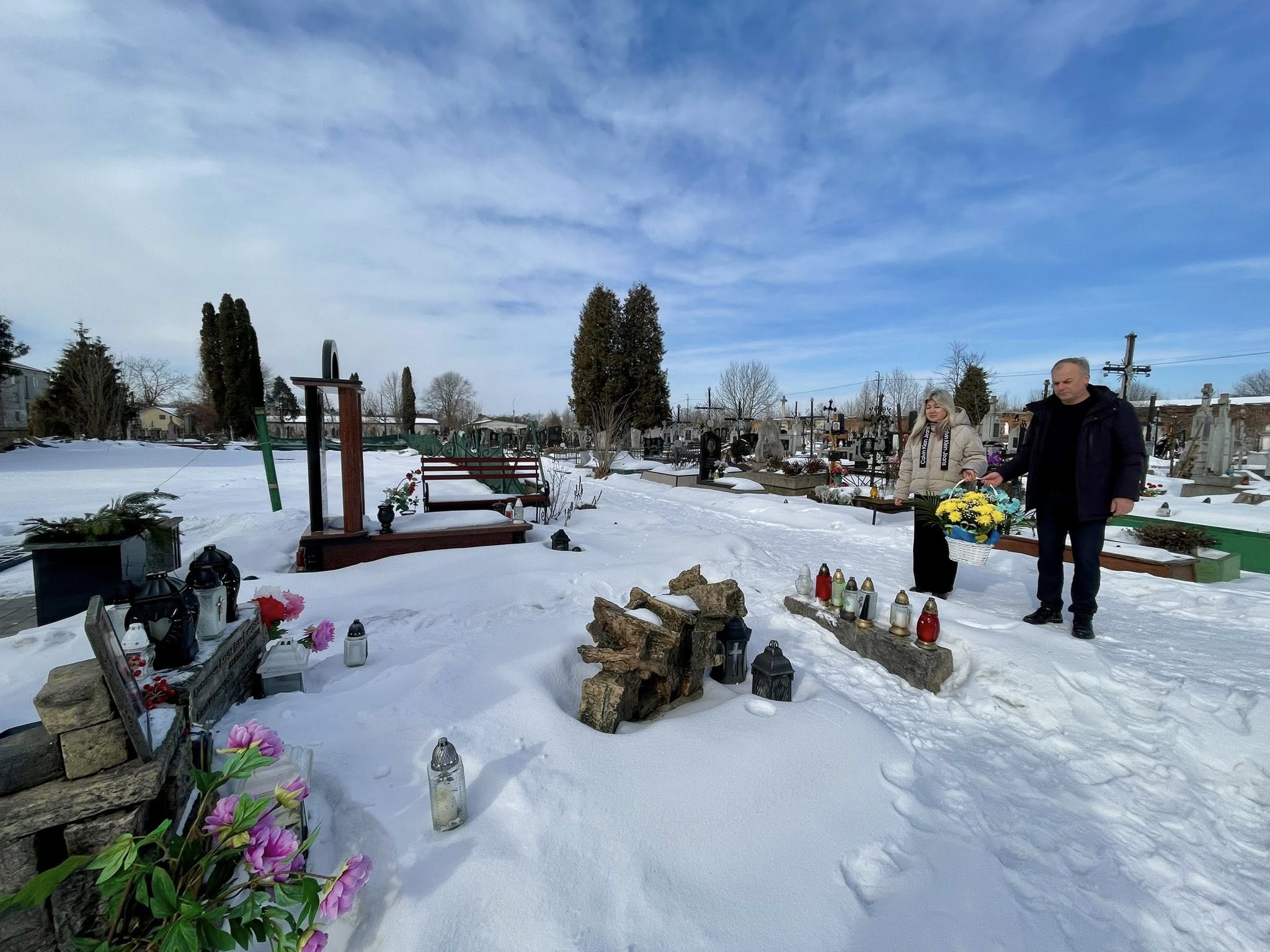 Керуючий справами виконавчого комітету Городоцької міської ради Богдан Степаняк та керівник гуманітарного управління Оксана Лучко запалили лампадки та поклали квіти до могили Героя Небесної Сотні Івана Бльока.
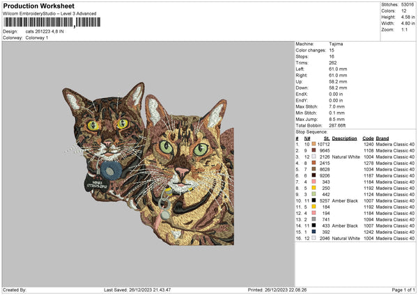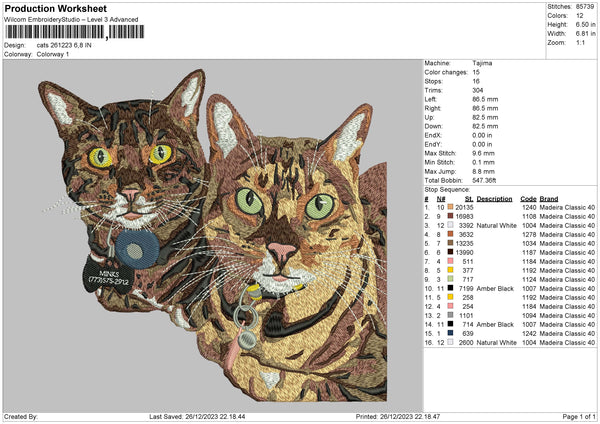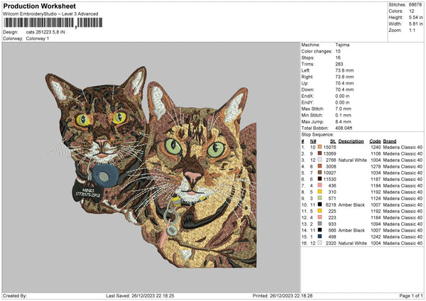 Cats 2612 Embroidery File 6 sizes
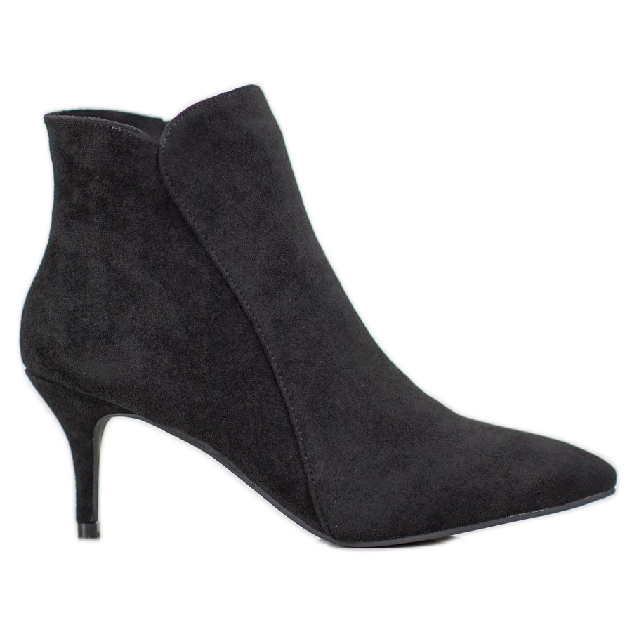 Löydä eleganssia ja tyyliä Kylien mustilla mokkanahkaisilla korkeakorkoisilla nilkkureilla. Nämä ohuet naisten nilkkurit täydentävät täydellisesti monia jokapäiväisiä ja ainutlaatuisia tyylejä. Valmistettu korkealaatuisesta ekologisesta nahasta, jossa on mokkaviimeistely, ne tarjoavat paitsi muodikkaan ulkonäön myös käyttömukavuuden.
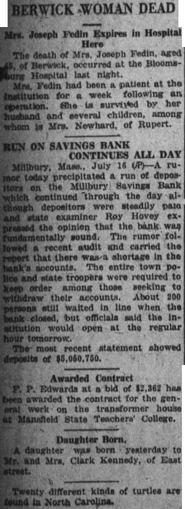 The death of Mrs. Joseph Fedin, aged of Berwick, occurred at the BloomsHospital last night. Mrs. Fedin had been patient at the Institution for a week following an operation. She is surviyed by her husband and several children, among whom is Mrs. Newhard, of Rupert.
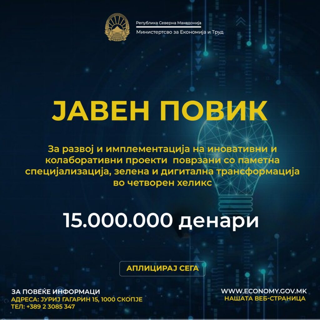 Министерството за економија и труд објави Јавен повик за кофинансирање на проекти за паметна специјализација, зелена и дигитална трансформација, обезбедени 15.000.000 денари

-------------------------

▶ _Task_
Find the line with "Cats 2612 Embroidery File 6 sizes" in the data above, and from there retype each line exactly through the line with "Löydä eleganssia ja", skipping the pictures along the way.

▶ _Problem solution_
 Cats 2612 Embroidery File 6 sizes
 Löydä eleganssia ja tyyliä Kylien mustilla mokkanahkaisilla korkeakorkoisilla nilkkureilla. Nämä ohuet naisten nilkkurit täydentävät täydellisesti monia jokapäiväisiä ja ainutlaatuisia tyylejä. Valmistettu korkealaatuisesta ekologisesta nahasta, jossa on mokkaviimeistely, ne tarjoavat paitsi muodikkaan ulkonäön myös käyttömukavuuden.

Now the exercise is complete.